Okay, I'm trying to get more love once again.  :Smile: 

Here are the comments:

1. Staircase scheduler 6.E patch doesn't work: got a bunch of error messages

(most about a pointer to a not fully declared type)

Staircase 6.9 and Nick's v30q compile fine...

First I'll try 6.9, if I get any problems incremental patches to 6.E and eventually v30q.

[more coming soon...]

----------

## Isaiah

 *sdaffis wrote:*   

> No compilation problems, running smooth as h*ll 
> 
> Good job! 

 

Ditto dat   :Cool: 

----------

## Pink

 *AstralStorm wrote:*   

> Okay, I'm trying to get more love once again. 
> 
> Here are the comments:
> 
> 1. Staircase scheduler 6.E patch doesn't work: got a bunch of error messages
> ...

 

Thanks for the report, I'm working on it at the moment and have removed the patch. Most probably won't be fixed for this love as 2.6.7 final is out and the mm won't be long to follow   :Very Happy: 

[edit] Actually, Con's 6.E patch for 2.6.7-rc3-mm2 doesn't even compile on 2.6.7-rc3-mm2 (the kernel is was designed for), not sure what is happening but I'm going to leave it for now anyway. 

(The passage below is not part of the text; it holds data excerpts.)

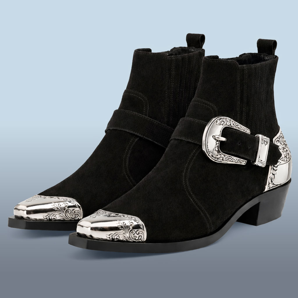 And finally... A pair of obnoxious black velvet boots with elaborate silver tips, heels, and buckles (#foreshadowing).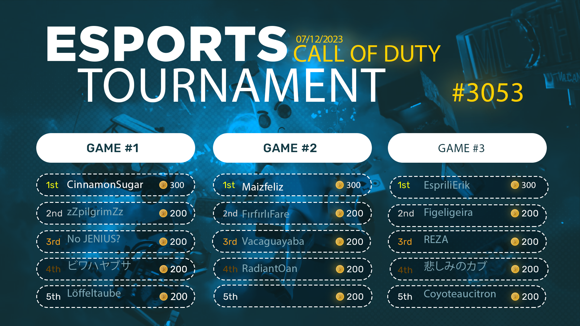 Esports Tournament #3053- COD - 07/12/2023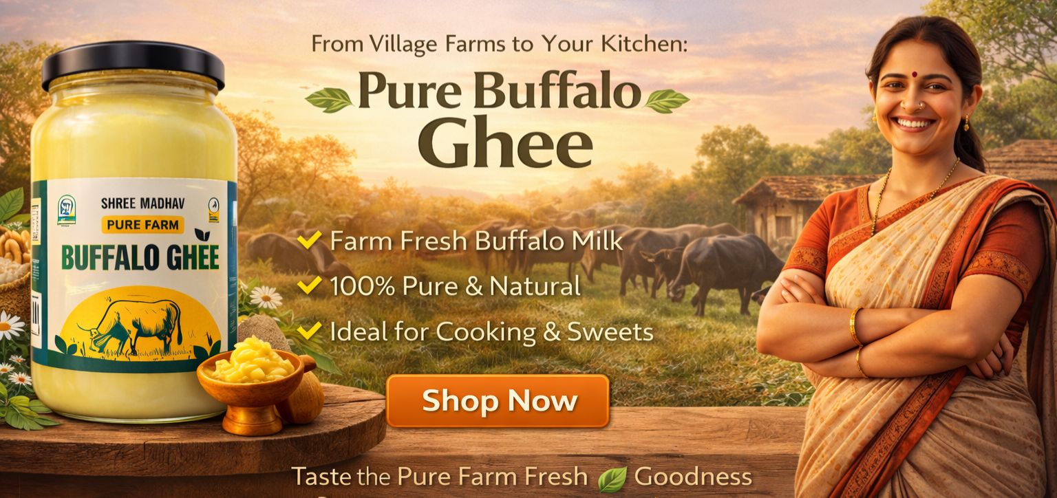 Shree Madhav Dairy is dedicated to providing pure and natural dairy products prepared using traditional methods. Our journey started with a simple vision — to deliver high-quality ghee and dairy products that are free from chemicals, preservatives, and artificial additives.

As you have done, try s6.9, it works, and IMHO is slightly better anyway. Con's already put out the first s7 for 2.6.7 so won't be long for that to be patch to the new mm, when it comes out [/edit]

----------

## Torin_

Where i can download all these patches individually for 2.6.7 i looked in the applied patches folder but there is 2.6.5 boosplash etc

----------

## OneOfOne

New reiser4 update patch available to update to latest reiser4 auto-snapshot.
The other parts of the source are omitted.